Le rôle du médiateur de la coopération agricole
Xavier Remongin / agriculture.gouv.fr

Gilles Vanackere, ingénieur général des ponts, des eaux et des forêts, a été nommé médiateur de la coopération agricole le 15 décembre 2020 pour une durée de trois ans, renouvelable une fois. Sa nomination, par décret et après avis du Haut conseil de la coopération agricole, est intervenue dans le cadre de la loi Egalim et de l'Ordonnance du 24 avril 2019 relative à la coopération agricole. En raison des nombreuses attributions de ce poste, le médiateur représente un acteur clef de la coopération agricole.

Quel est le périmètre d’actions du médiateur ?

Le médiateur de la coopération agricole peut être saisi par un associé coopérateur, une coopérative agricole, le Haut conseil de la coopération agricole (HCCA) ou encore par le ministre de l'Agriculture et de l’Alimentation. Il est compétent sur les litiges relatifs aux relations entre un associé coopérateur et la coopérative agricole à laquelle celui-ci adhère, mais aussi entre coopératives agricoles ou entre une coopérative agricole et une union, voire entre unions.

Le médiateur de la coopération agricole travaille en lien avec le médiateur des relations commerciales agricoles lorsque les litiges portent sur des aspects des contrats d'apport relatifs aux prix ou aux volumes, ou portent sur les indemnités dues par un associé coopérateur quittant sa coopérative avant le terme de son engagement. Le médiateur des relations commerciales agricoles instruit alors ces litiges et transmet son avis au médiateur de la coopération agricole qui effectue sa médiation.

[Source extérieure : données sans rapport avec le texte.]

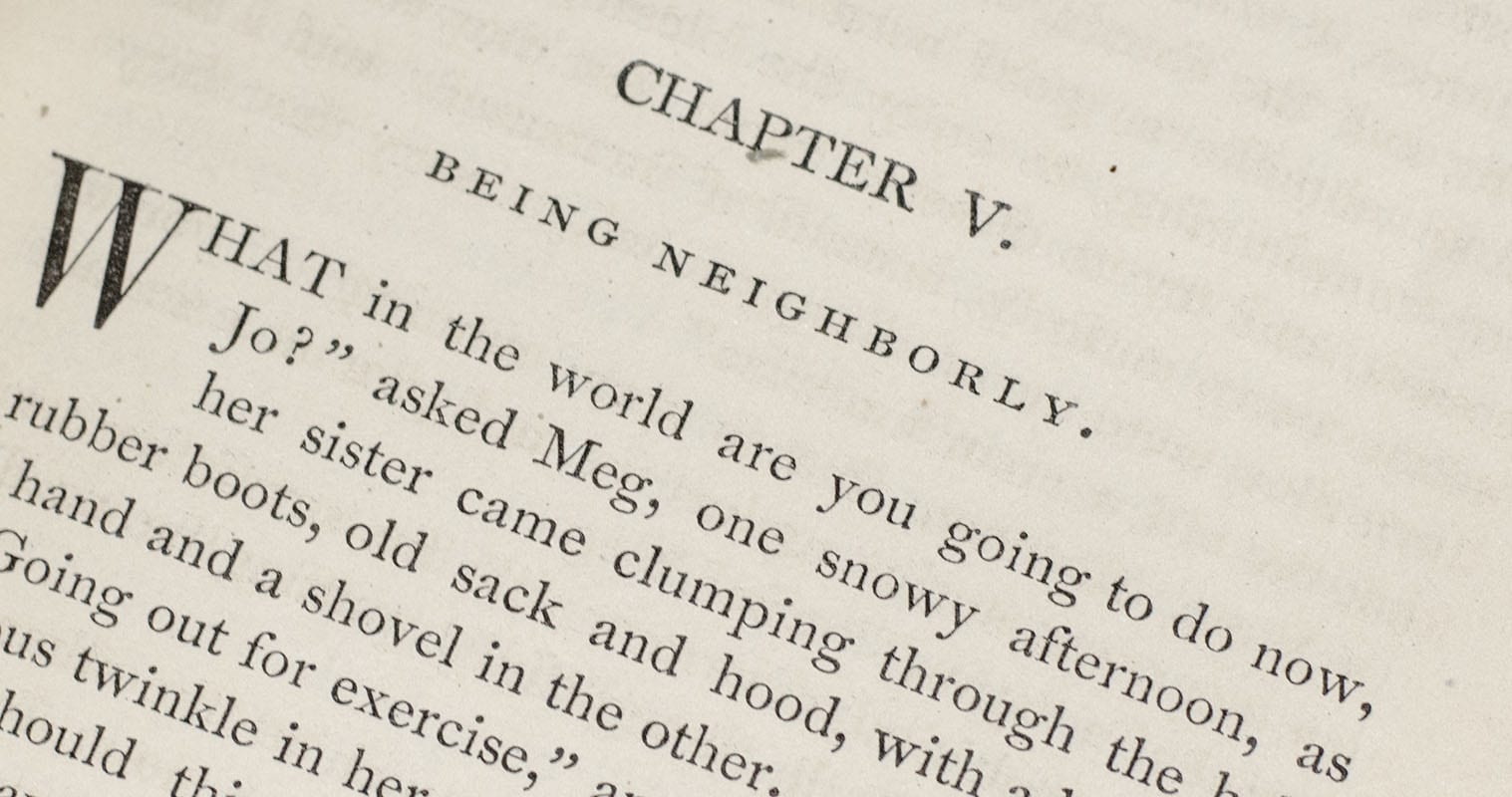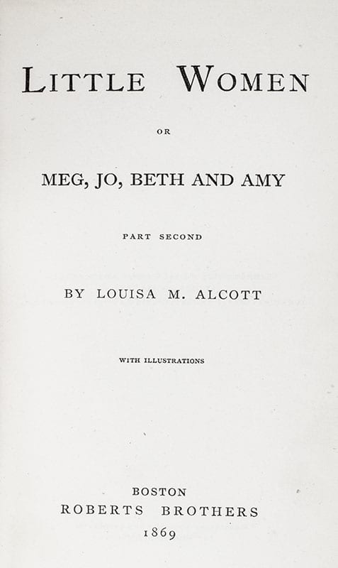 Louisa May Alcott was born in Germanstown, Pennsylvania and spent most of her life in Massachusetts. Educated by her father, the philosopher and writer, Amos Bronson Alcott, she began writing to help support her family. She too, like her heroine Jo, wrote stories for pulp magazines under a male pseudonym. The illustrations were by her sister May, upon whom the character of Amy was based. In 1865, while serving as editor of Merry Museum, a Boston children’s magazine, Alcott received encouragement to write a book for girls. Drawing on memories of childhood, the author portrayed the daily lives of Amy, Jo, Beth and Meg March—portraits of the four Alcott sisters. One of the most popular juvenile books ever published, “Little Women is an outstanding achievement of 19th-century American literature, and the first children’s novel written in that country to have become an enduring classic.” “It is one of the first fictional texts for children to convey the difficulties and anxieties of girlhood, and… suggests that becoming a ‘little woman’ is a learned and often fraught process, not an instinctual or natural condition of female development” (Foster & Simon, 87). Published separately in consecutive years, the first part of Little Women “did not sell at first. Part Second was therefore also issued in a small edition, but it went like wildfire, and pulled Part First along with it” (Grolier 74). The original issues of each part are therefore quite rare. Each volume is illustrated with a frontispiece and three plates; those in the first part of Little Women were created by the author’s sister, May. First issue of Little Women with all points, including Little Women priced at $1.25 in terminal advertisements;

Le médiateur de la coopération agricole peut saisir le HCCA de toute clause de règlement intérieur ou de toute pratique liée à ces clauses ou à celles des statuts des coopératives ou des unions qu'il estime non conformes aux principes et aux règles de la coopération pour permettre au HCCA, le cas échéant, de demander la mise en œuvre d'une révision.

Mieux comprendre l’importance de la médiation

Le recours à la médiation est une démarche volontaire, non obligatoire, qui a pour avantages d’être confidentielle, rapide, impartiale et non coercitive.

La procédure de médiation s’effectue en quatre étapes :

1. Le dépôt auprès du médiateur du formulaire de demande d'une procédure de médiation qui suppose l'acceptation de la charte de la médiation de la coopération agricole, ainsi que toutes les pièces utiles à la constitution du dossier ;

2. L’accord de la partie adverse, recueilli par le médiateur (la procédure prenant fin en cas de refus) ;

3. En cas d’acceptation, l’examen du dossier, notamment au travers d’échanges entre les parties ;

4. La validation d'une solution, portée par le médiateur et acceptée de la part des parties à la médiation. La procédure prend fin si aucun accord n’est trouvé. En cas d’accord partiel ou intégral, les parties rédigent une transaction (contrat actant les négociations validées, les concessions réciproques, et la renonciation aux recours judiciaires sur les difficultés résolues). Ces documents peuvent devenir exécutoires après homologation par un juge au Tribunal administratif.

Afin de recourir à une médiation, consultez la documentation, mise à disposition par le médiateur de la coopération agricole sur le site du HCCA.

 

Actualité :

Le HCCA a récemment élaboré un guide de gouvernance des entreprises coopératives agricoles. Prévu par l'ordonnance du 24 avril 2019 relative à la coopération agricole, ce guide permet de formaliser les meilleures pratiques existantes dans l’objectif de leur donner de la visibilité et de les déployer le plus largement possible. Il contribue ainsi au renforcement du modèle coopératif, dans la continuité de l’esprit des États généraux de l'alimentation (EGA).